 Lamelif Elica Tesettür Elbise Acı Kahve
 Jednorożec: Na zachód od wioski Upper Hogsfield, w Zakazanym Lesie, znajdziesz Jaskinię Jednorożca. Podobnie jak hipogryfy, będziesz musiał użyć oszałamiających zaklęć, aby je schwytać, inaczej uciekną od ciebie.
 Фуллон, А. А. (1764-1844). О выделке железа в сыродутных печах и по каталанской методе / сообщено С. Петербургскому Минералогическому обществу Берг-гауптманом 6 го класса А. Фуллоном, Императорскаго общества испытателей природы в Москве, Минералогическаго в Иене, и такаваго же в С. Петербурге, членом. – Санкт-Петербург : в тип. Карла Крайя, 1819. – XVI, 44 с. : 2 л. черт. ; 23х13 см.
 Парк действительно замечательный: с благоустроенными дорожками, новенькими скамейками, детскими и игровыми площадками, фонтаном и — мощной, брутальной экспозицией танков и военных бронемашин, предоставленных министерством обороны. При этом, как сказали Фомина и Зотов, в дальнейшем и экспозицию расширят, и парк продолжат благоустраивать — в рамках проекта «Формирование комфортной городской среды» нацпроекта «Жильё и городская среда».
--
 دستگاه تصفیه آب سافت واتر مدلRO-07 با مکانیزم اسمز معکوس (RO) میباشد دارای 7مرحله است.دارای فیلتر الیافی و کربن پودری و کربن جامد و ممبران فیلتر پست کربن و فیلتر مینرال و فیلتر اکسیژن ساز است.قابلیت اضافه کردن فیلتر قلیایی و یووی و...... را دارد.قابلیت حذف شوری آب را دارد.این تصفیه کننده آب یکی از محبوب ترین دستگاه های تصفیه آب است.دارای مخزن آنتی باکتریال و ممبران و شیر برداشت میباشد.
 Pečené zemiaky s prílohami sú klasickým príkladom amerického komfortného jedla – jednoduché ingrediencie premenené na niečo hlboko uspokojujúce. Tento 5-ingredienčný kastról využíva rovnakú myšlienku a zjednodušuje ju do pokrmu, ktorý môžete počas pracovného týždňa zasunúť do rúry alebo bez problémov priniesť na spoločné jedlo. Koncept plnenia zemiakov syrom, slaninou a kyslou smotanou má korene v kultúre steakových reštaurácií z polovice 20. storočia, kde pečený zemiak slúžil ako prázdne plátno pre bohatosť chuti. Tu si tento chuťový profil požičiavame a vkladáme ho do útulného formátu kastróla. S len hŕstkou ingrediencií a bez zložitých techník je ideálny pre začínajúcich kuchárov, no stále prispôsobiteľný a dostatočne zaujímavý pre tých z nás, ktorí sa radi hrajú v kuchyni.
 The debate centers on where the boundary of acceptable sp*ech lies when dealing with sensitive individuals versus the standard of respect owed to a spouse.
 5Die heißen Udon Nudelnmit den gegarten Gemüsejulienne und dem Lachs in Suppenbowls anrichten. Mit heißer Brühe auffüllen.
---
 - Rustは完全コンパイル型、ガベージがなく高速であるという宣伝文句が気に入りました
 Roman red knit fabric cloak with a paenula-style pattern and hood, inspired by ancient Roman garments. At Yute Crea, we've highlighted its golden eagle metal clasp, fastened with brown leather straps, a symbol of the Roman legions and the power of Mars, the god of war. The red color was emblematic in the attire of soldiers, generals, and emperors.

▶ Your instructions
Lines wanted from the listing above: the line with "Lamelif Elica Tesettür Elbise Acı Kahve" up to and including the line with "Jednorożec: Na zachód". Please write them out exactly, adding nothing else.

▶ Your solution
 Lamelif Elica Tesettür Elbise Acı Kahve
 Jednorożec: Na zachód od wioski Upper Hogsfield, w Zakazanym Lesie, znajdziesz Jaskinię Jednorożca. Podobnie jak hipogryfy, będziesz musiał użyć oszałamiających zaklęć, aby je schwytać, inaczej uciekną od ciebie.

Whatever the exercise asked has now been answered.